_Task goal_. Restate the full listing word for word and leave the pictures out.

_Source material_.
□ □ □ □ □ □ □

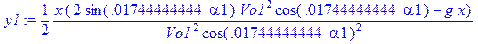 > y1:=1/2*x*(2*sin(alpha1*3.14/180)*Vo1^2*cos(alpha1*3.14/180)-g*x)/Vo1^2/cos(alpha1*3.14/180)^2;
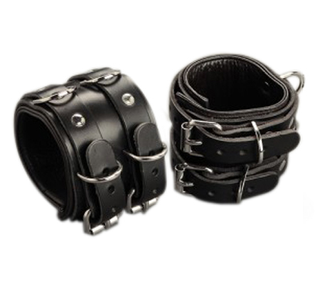 Genuine leather cuffs in black. These cuffs have double buckles and are available in both wrist and ankle styles.
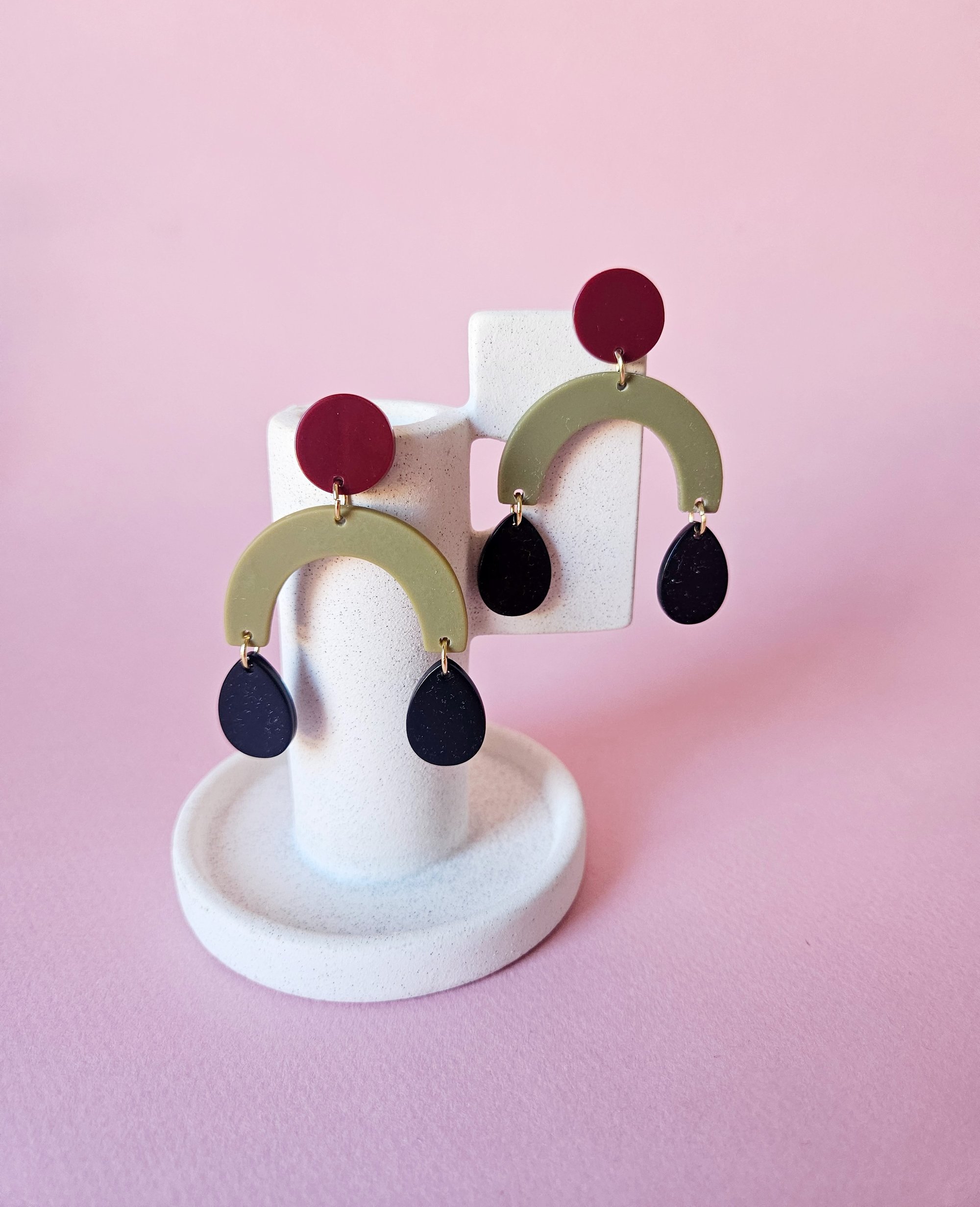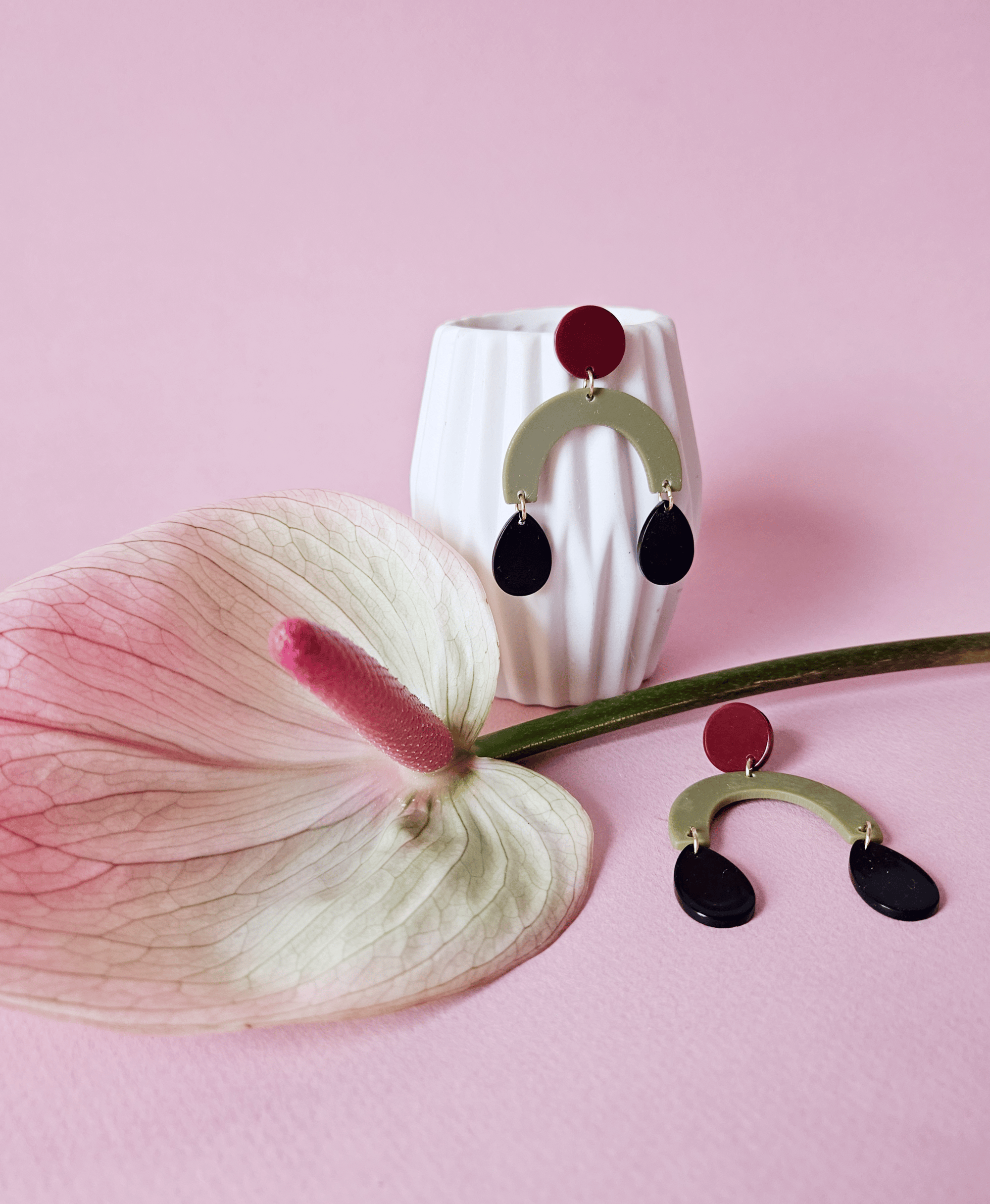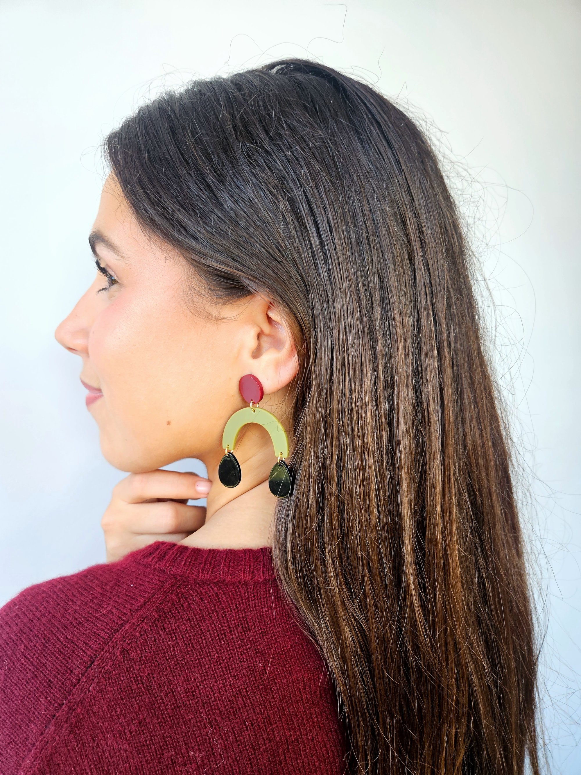 Los pendientes MINA están compuestos por varias piezas de resina en tonos verde caqui, granate y negro. Su medidas son de 3,8x5,5 cm. Son muy ligeros.

□ □ □ □ □ □ □

_Response below_.
 > y1:=1/2*x*(2*sin(alpha1*3.14/180)*Vo1^2*cos(alpha1*3.14/180)-g*x)/Vo1^2/cos(alpha1*3.14/180)^2;
 Genuine leather cuffs in black. These cuffs have double buckles and are available in both wrist and ankle styles.
 Los pendientes MINA están compuestos por varias piezas de resina en tonos verde caqui, granate y negro. Su medidas son de 3,8x5,5 cm. Son muy ligeros.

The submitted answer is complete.